The anointing of Yammer as the winner of TechCrunch50 has raised questions about how the startup-launch conference operates. Michael Arrington, the founder of TechCrunch, has made much of the fact that he and fellow event organizer Jason Calacanis don't charge startups to present at the show, as established rival Demo does. But people who attended the show are saying behind his back that the contest was rigged in favor of a pet startup of Arrington's with ties to one of the event's sponsors.Yammer is a business-friendly copy of Twitter. It's an offshoot of Geni, a Web-based genealogy site started by former PayPal COO David Sacks, which raised $100 million in venture capital last year. TechCrunch50's prize panel, composed of Arrington and a few TechCrunch insiders (shown here, in a spy photo taken at the event), passed over more promising startups like FitBit, the maker of a wellness-monitoring gadget. Quality aside, a sense of fairness might have led Arrington to give Yammer the skip: Neither Sacks nor Geni needed the $50,000 prize. Arrington's crush on Geni has been obvious since before its launch. (Most recently, he claimed Geni had close to a million visitors a month in August; according to a link to Compete.com Arrington himself included in his writeup, it's actually 400,000, a fraction of the audience enjoyed by established genealogy sites like Ancestry.com and MyHeritage.) The problem with events like this is no one is unconflicted. But Sacks is in particularly deep: His former boss at PayPal, Peter Thiel, now runs VC firm Founders Fund, one of TechCrunch50's sponsors. Arrington has long been rumored to favor startups backed by the VCs who sponsor his event. He brags that he doesn't charge startups directly to appear on stage. But he seems to like to have them in his pocket, one way or another.

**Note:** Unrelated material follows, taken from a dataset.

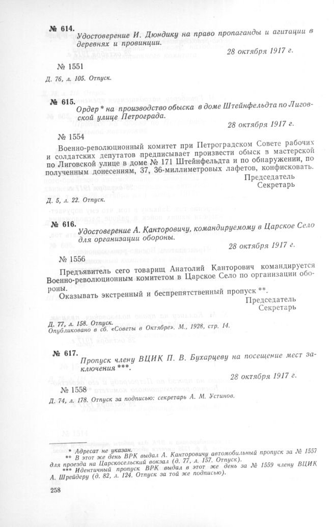 Петроградский военно-революционный комитет: Док. и материалы в 3 т. Т. 1. — М.: Наука, 1966.

Loïc Le Meur, Segway instructor

Jackson West · 09/11/08 02:26AM

Please tell me someone has pictures of Seesmic founder Loïc Le Meur giving small-time technology investor Michael Arrington Segway riding lessons outside 330 Ritch for the TechCrunch50 conference's closing party. For now, I'll have to settle for Siqi Chen, left, and Alex Le, right, the guys behind Facebook widget Friends For Sale, at the Plista party at Fluid. Where's the afterparty? It's not at the W or the Four Seasons. Maybe Mahalo chief Jason Calacanis is drinking responsibly tonight and has turned in early, but I'm pretty sure Arrington is up drinking scotch somewhere.

Michael Arrington almost made to wait in line with plebes

Jackson West · 09/10/08 11:24PM

TechCrunch founder Michael Arrington just wants to get a scotch and hit on girls at the Seesmic party at 330 Rich, but ended up stuck in the multi-hour-long line outside the closing night party. Dutiful Seesmic founder Loïc Le Meur personally came out to escort him past the velvet ropes. For a second there, people might have come to the conclusion that TechCrunch50 was some kind of democracy.